For some pathogens, these decisions are straightforward. Dengue virus vaccines must immunise against all four subtypes, or else, the risk of severe disease from an unimmunised subtype increases (Thomas, 2023; Kallás et al, 2024). Haemophilus influenzae vaccines need only immunise against serotype b (Hib), which is the one serotype which causes severe disease (Kelly et al, 2004) (Fig 2A). Bivalent COVID-19 vaccines contained a 50:50 ratio of the ancestral (Wuhan) spike protein sequence and the subsequently dominant Omicron (BA.1) variant spike protein, which evades much of the prior immunity from infection or immunisation from the ancestral protein (Chalkias et al, 2022). However, the rapid transmission of COVID-19 compared with vaccination development cycle and the presence of one dominant antigen in the population make reactive design of multi-valent COVID-19 vaccines challenging.
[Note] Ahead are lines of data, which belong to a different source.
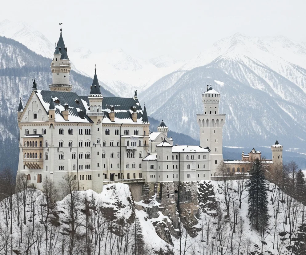 Gdy zima spowija Bawarię, krajobraz zmienia się nie do poznania – ośnieżone stoki, gęste świerki i mgły unoszące się nad dolinami tworzą scenerię jak z najpiękniejszych baśni. W tym malowniczym otoczeniu, na skalistym wzniesieniu, dumnie wznosi się budowla, która z daleka wygląda, jakby specjalnie została tam umieszczona, by zachwycać. Nie bez powodu jej sylwetka stała się jednym z najbardziej rozpoznawalnych symboli baśniowej estetyki na całym świecie, nierozerwalnie łącząc się z popkulturą.
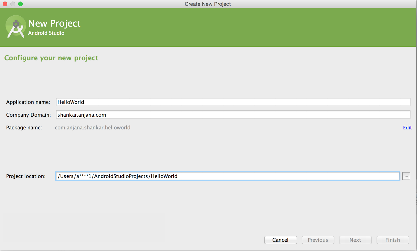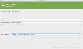 In the project Wizard, set up the App name to be HelloWorld. Then provide a package name. Remember that the package name should be globally unique across all packages installed on Android. Next, choose your project location and hit next.
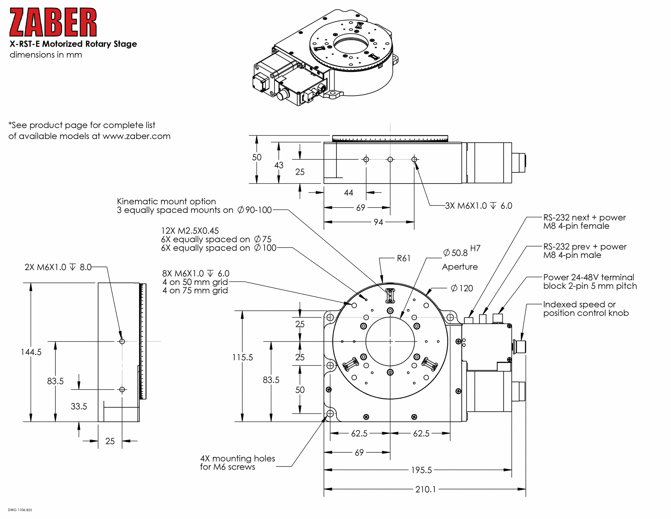 • 内蔵コントローラ。他のZaber製品とデイジーチェーン接続可能
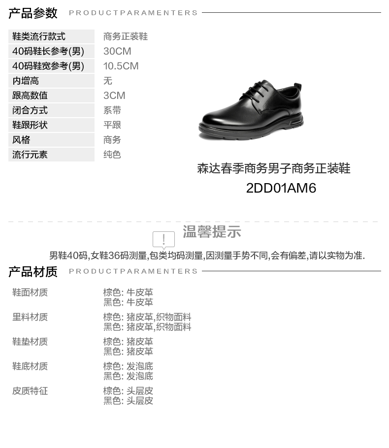 | 风格:商务 | 色系:黑色 | 跟高数值:3CM | 40码鞋宽参考(男):10.5CM | 性别:男子 |
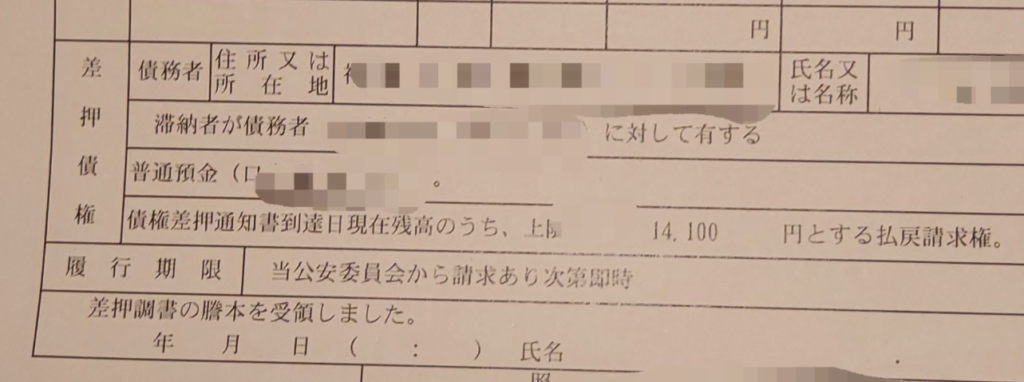 このケースでの財産差し押さえ、金融機関から引き去られたとのこと。

In each case, an effective vaccine is rolled out against the dominant strain, in yellow. After vaccination, cases of the dominant strain decrease. However other strains, having less competition for hosts, are able to fill the “gap” which has been left in the population. (A) In the first example (panel (A)), a benign non-disease strain (green) fills this gap and therefore total cases of disease in the population are reduced (illustrative of H. influenzae–vaccination against serotype B). (B) In the second example (panel (B)), a more virulent strain is able to take over, ultimately meaning the vaccine has no effect, or even a detrimental effect on, total disease burden (illustrative of N. meningitidis–yellow strain serotype C; red strain serotype W). Modelling can be used to try and predict which situation will occur. (C) In the third example (panel (C)), representing a complex population with many strains (illustrative of Streptococcal pathogens), vaccination against all strains is not feasible. Modelling can be used to predict which non-vaccine variants will come to dominate, whether newly emerged strains will be successful, and optimise the initial vaccine formulation.
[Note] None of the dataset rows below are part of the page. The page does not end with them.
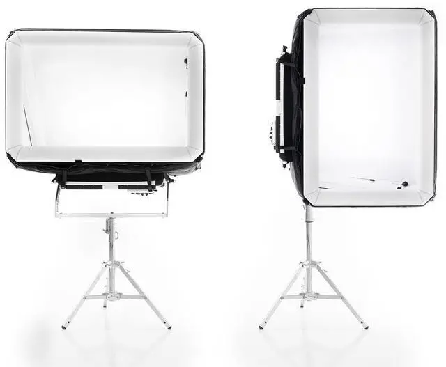 Installation is straightforward: loop the anti-spill cover over the fixture and secure it with the adjustable straps' buckles. Unlike conventional front-facing softboxes, the AIRGLOW creates a unique 45-degree triangular bounce. The back wall forms the hypotenuse, directing light out of the perpendicular side, resulting in a beautifully diffused illumination. This innovative design allows for a choice of bounce fabrics, including SNAPBOUNCE, Hard Silver Diffusion for more intense lighting, and both bleached and unbleached Muslin for varied light quality. The AIRGLOW's versatility is further enhanced by its ability to be used in either a horizontal or vertical orientation, making it a single, easily repositionable fixture that simplifies setup. Its lightweight construction and quick assembly eliminate the need for additional stands, reducing clutter on busy sets and leaving a smaller footprint. For convenience, the inflatable AIRGLOW frame can be inflated or deflated while attached to the light panel or detached, and it packs neatly into a custom DoPchoice bag along with the air pump for effortless transport and storage. This complete kit is an essential tool for filmmakers and photographers seeking a portable, efficient, and high-quality lighting solution.
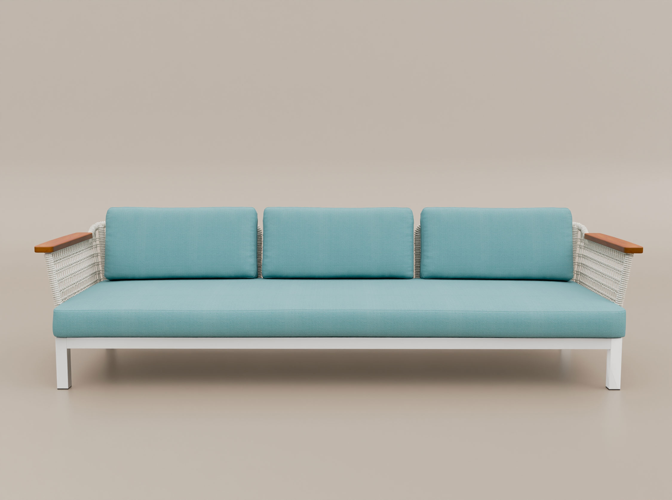 Projetado para composições coletivas, o Sofá três lugares Ponte integra conforto e resistência em áreas externas. Estrutura em alumínio, estofados ergonômicos, trançado em macramê de corda náutica e detalhes em madeira maciça dão forma a uma peça que se conecta à paisagem e acolhe diferentes usos.
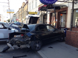 От удара иномарка буквально протаранила вход в магазин «Планета Секонд Хенд». При этом от столкновения оказалась сильно повреждена задняя часть авто, а у магазина погнулась колонна у крыльца. Пострадавших в ходе ЧП нет, отметили собеседники 4В. На входе в торговый объект выставлено объявление, что он работает в обычном режиме.
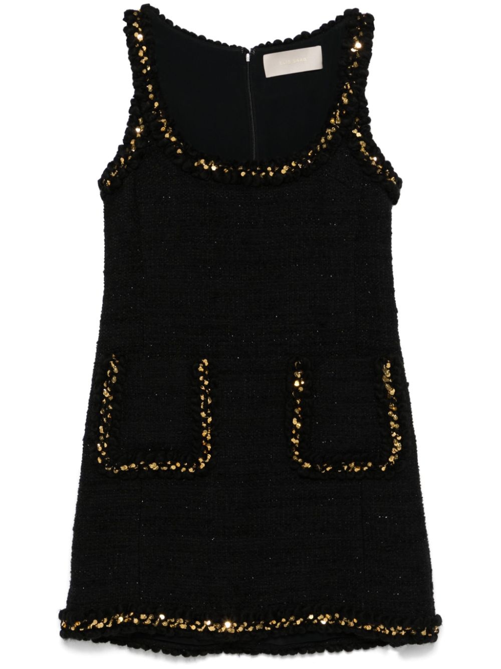 embroidered tweed mini dress Highlights - Black - Concealed rear hook and zip fastening - Two front patch pockets - Full lining - Sequin embellishment Imported Composition Outer: Polyester 51%, Cotton 39%, Wool 7%, Polyamide 3% Lining: Acetate 74%, Silk 26%
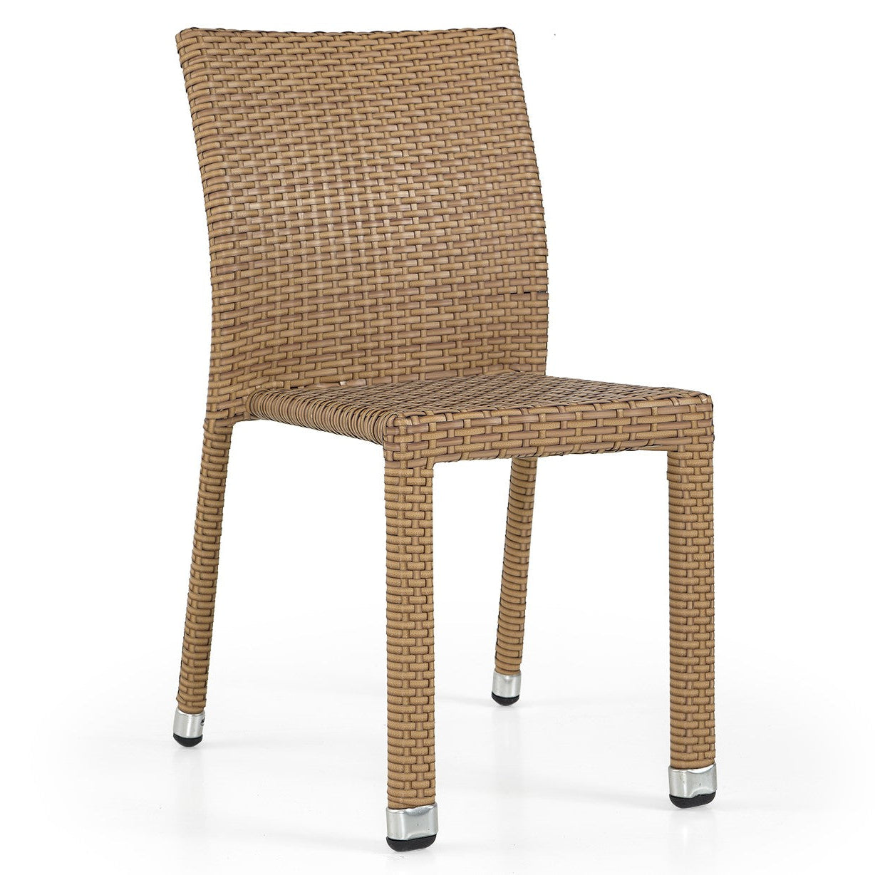 Woven Rattan Outdoor Dining Chair with a mocca brown or light brown coloured rattan effect weave complimented by an Aluminium frame.
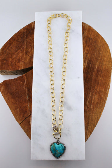Exclusive You Are Here x The Woods Fine Jewelry collab Gold plated brass pave diamond border and enamel turquoise heart C118 Heart measures 1.2" ...
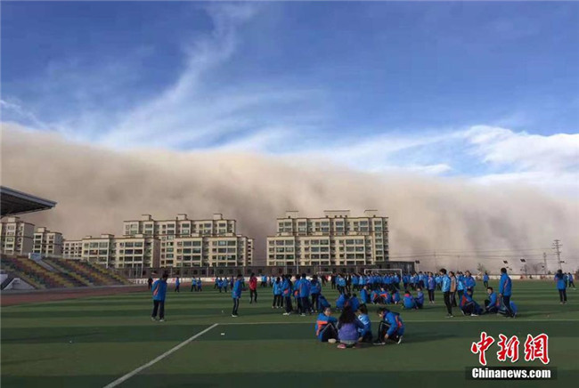 11月25日,甘肅張掖沙塵暴來襲,“沙墻”高達(dá)上百米,伴有7至8級大風(fēng),張掖消防啟動應(yīng)急預(yù)案。高繼文 攝
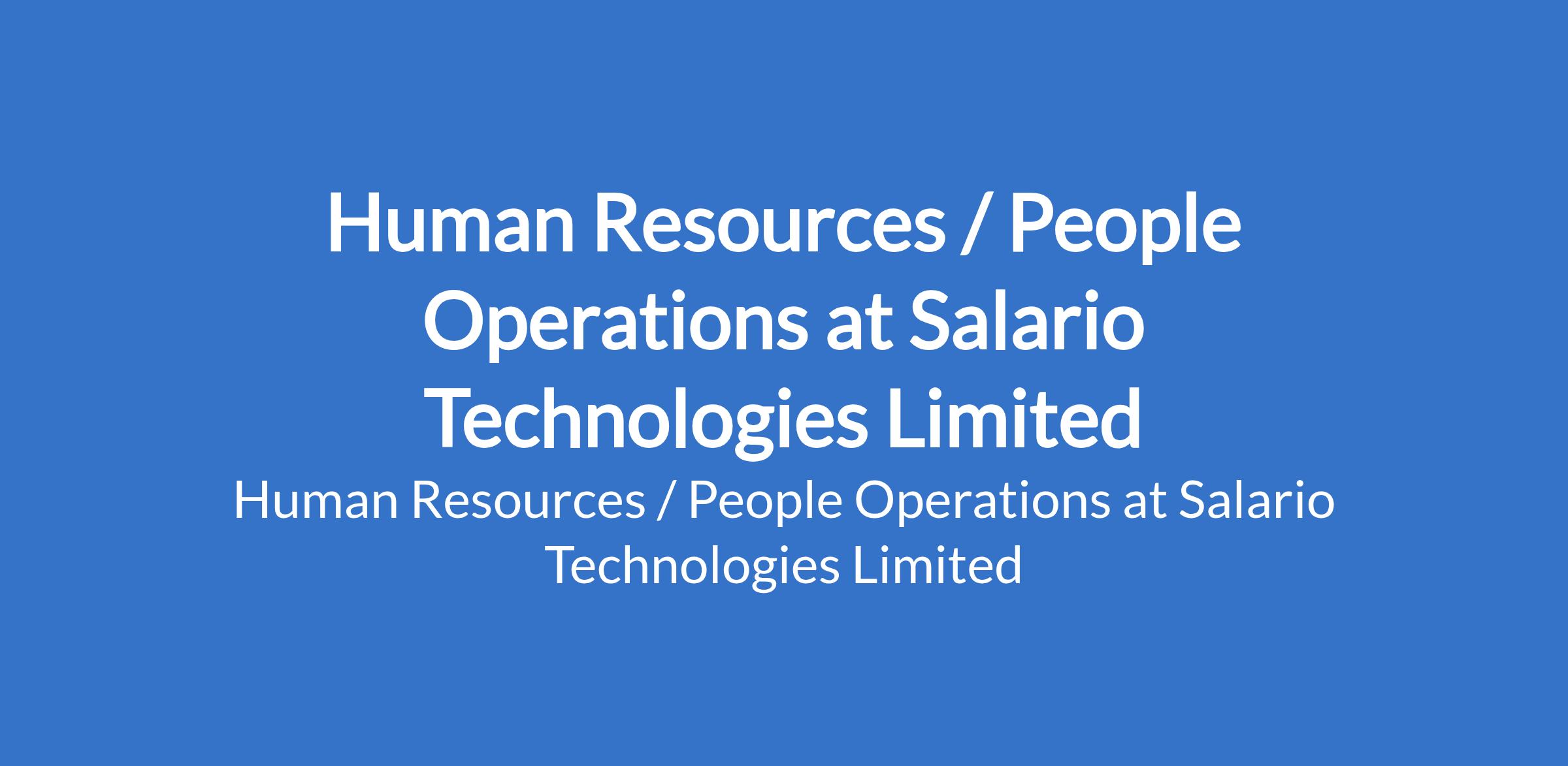Salario Technologies Limited is recruiting to fill the position of: Human Resources / People Operations. Interested candidates should possess a Bachelors Degree in Human Resources, Business Administration, or a related field; Professional HR certification (CIPM, SHRM, HRCI, or equivalent) is a strong advantage with 38 years of HR experience, preferably in fintech, tech, startup, or high-growth environments.

What type of pathogen is a good candidate for using computational modelling to optimise design of a multivalent vaccine? There would need to be many subtypes against which the vaccine could be made. The vaccine must be effective against each targeted subtype. To be economically practical, vaccination would have to be expensive so that optimisation benefits outweigh the costs of changing vaccine formulation, and rates of variant spread must be slower than vaccine roll-out.
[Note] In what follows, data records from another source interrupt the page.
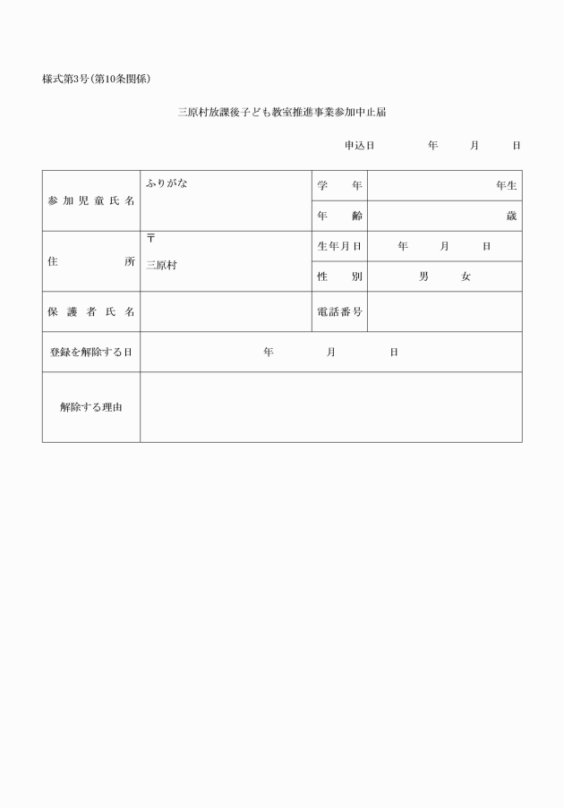第10条 子ども教室に参加する児童の保護者は、子ども教室への参加を中止する場合は、三原村放課後子ども教室推進事業参加中止届(様式第3号)を教育委員会に提出するものとする。
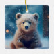 Cute Bear Cub In Snow Covered Forest Ceramic Ornament
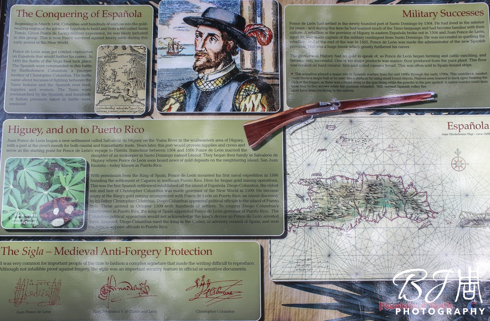 西班牙人在美國建立殖民地時,攜帶了20門火砲來保護剛剛起步的定居點,公園裡陳列了一門 當年樣式的六磅重火炮複製品,每小時燃放演示它們被使用的歷史,另有火繩槍講座與射擊演示。
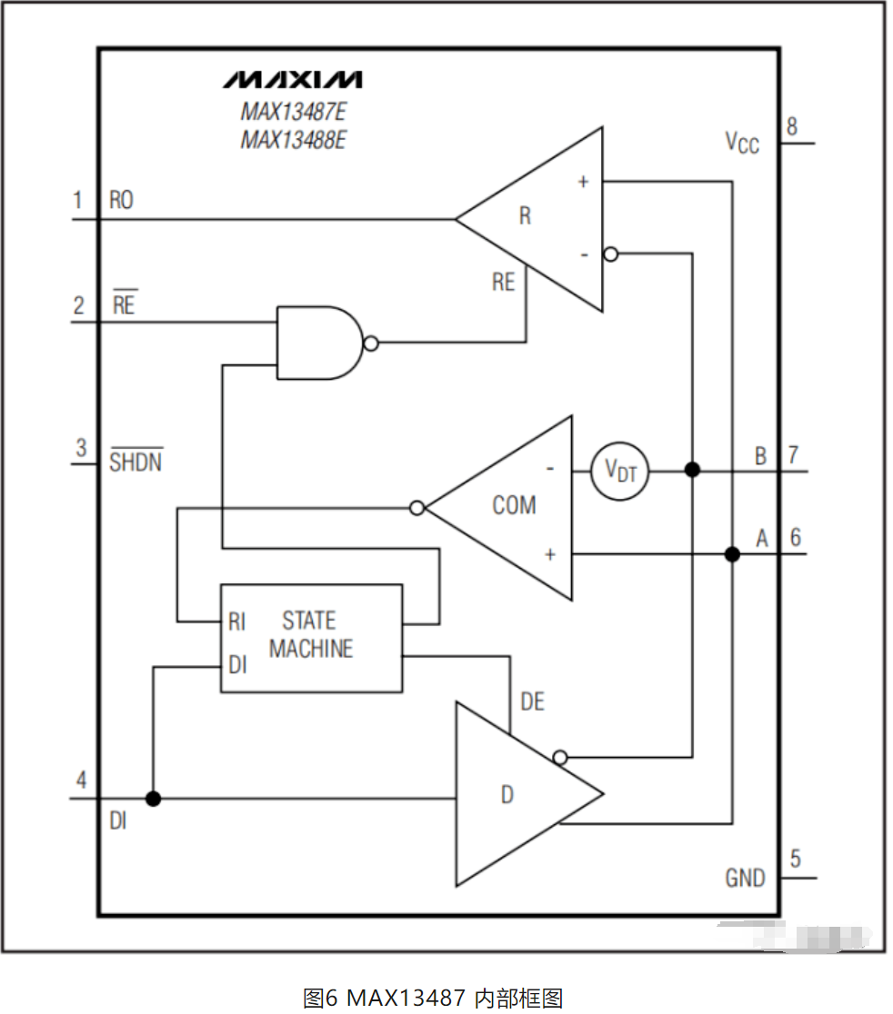 为了克服软件参与的方向控制不确定性,美信公司发布了宣称首款支持芯片自动换向的RS485芯片,如下图6,对比其他的RS485芯片,MAX16487的/RE引脚有两个作用:
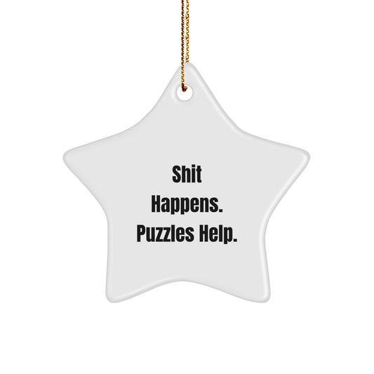 Funny Puzzles Gifts for Friends, Coworkers, or Family - 'Shit Happens. Puzzles Help.' Star Ornament, White, 3.25" tall, Christmas Unique Presents
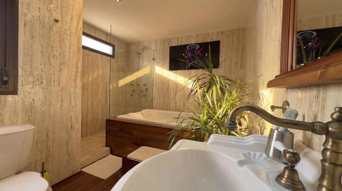 The bathroom offers a sense of luxury and relaxation, featuring a generous jacuzzi bath and a modern walk-in shower, finished with natural stone-style walls—an ideal space to unwind.
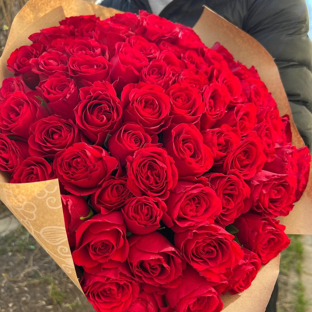 красная роза 40 см – 69 шт.Упаковка крафт – 3 шт.Упаковка пленка – 3 шт.

One such candidate is the bacterium N. meningitidis, a commensal organism of the upper respiratory tract and occasional cause of bacterial meningitis. The species has 12 known serogroups, six of which cause invasive disease (Parikh et al, 2020). Complex dynamics of these serogroups have been observed. A major cause of disease was serogroup C, against which an effective conjugate vaccine was introduced in many high-income countries starting in 1999 (Fig 2B). A subsequent 20-fold reduction in serogroup C cases was observed over the next 5 yr (Trotter & Ramsay, 2007). However, starting in 2009, the incidence of a “hypervirulent” serogroup W increased, driven by a single genetic strain (Knol et al, 2017). Serogroup Y also increased in prevalence (Ladhani et al, 2012).
Ecologically, the decrease in serogroup C has left a “hole” in the infected host population which other strains may be able to fill. Whether the increase in prevalence of W and Y was caused in part by the vaccination against serogroup C is unknown, but the subsequent emergence and increase in a more virulent strain after an intervention is an example of a result which is hard to predict without a formal model. Fortunately for this pathogen, vaccines against all virulent serogroups are now in national immunisation programmes, leaving a “hole” that will hopefully be filled by benign strains or species (Ladhani et al, 2016).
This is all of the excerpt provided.